An orienteering pioneer has passed away - app4soft
https://orienteering.sport/an-orienteering-pioneer-has-passed-away/
======
app4soft
_TL;DR:_ The Norwegian orienteer _Kjell Staxrud_ , the founder of the
pictorial control description, has passed away aged 94. In recognition of his
ground-breaking work within IOF, _Kjell Staxrud_ was one of the first to be
awarded the Silver Pin of Honour, in 1981.

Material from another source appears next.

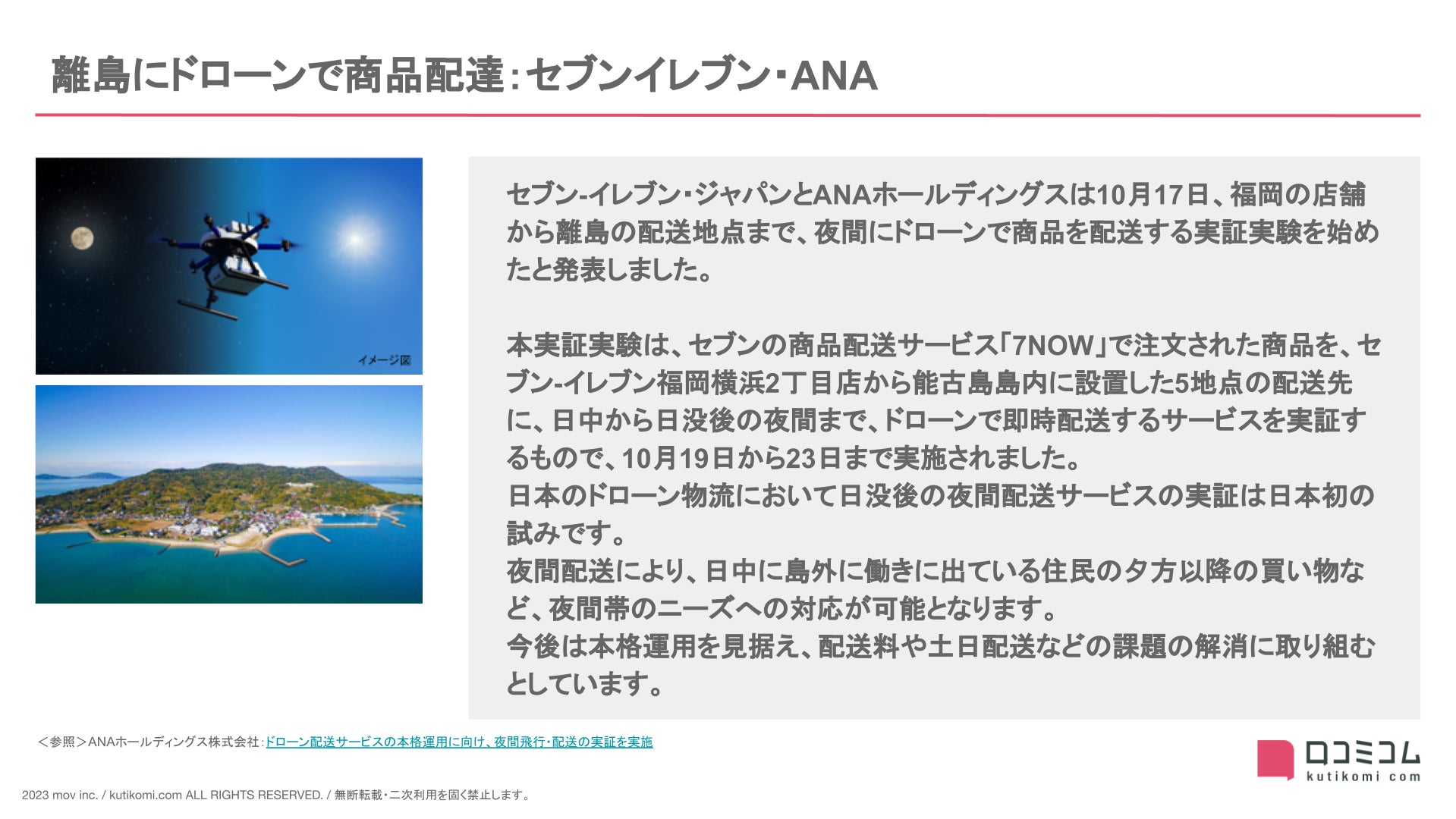 - 10月:離島にドローンで商品配達 / セブンイレブン・ANA
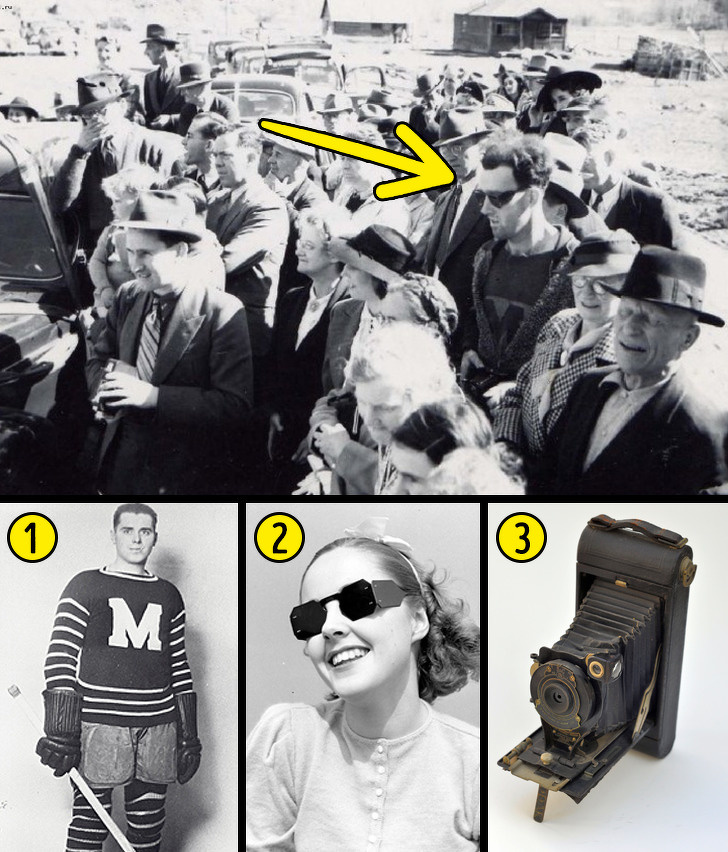 Чоловік одягнений у фанатську футболку хокейної команди Montreal maroons. Подібні сонцезахисні окуляри носили тоді полярники, але вони були в моді і у простих людей. А в руках — модель кишенькової камери Kodak, яка вийшла ще в 1925 році.

> _It was at the 8th IOF congress in 1975 that he took over the chairmanship
> of the IOF Technical Committee. In 1976 he presented the first draft of
> pictorial control descriptions_ [0] _with their distinctive symbols. In the
> period that followed, the control description symbols were developed further
> by the Technical Committee, and they were finalised and approved for use in
> 1978._

> _This was a great step forward for fair international competition, enabling
> orienteering to leave behind the hassle of often wrong or misleading
> translations for the description of controls._

Users of «Orienteering Mappers Int.» (Facebook group) working on digitazing
original _IOF Control Descriptions_ specification document as published in
1979.

[0] [https://orienteering.sport/iof/resources/control-
description...](https://orienteering.sport/iof/resources/control-
descriptions/)

[1]
[https://www.facebook.com/groups/485564718218028?view=permali...](https://www.facebook.com/groups/485564718218028?view=permalink&id=2381015242006290)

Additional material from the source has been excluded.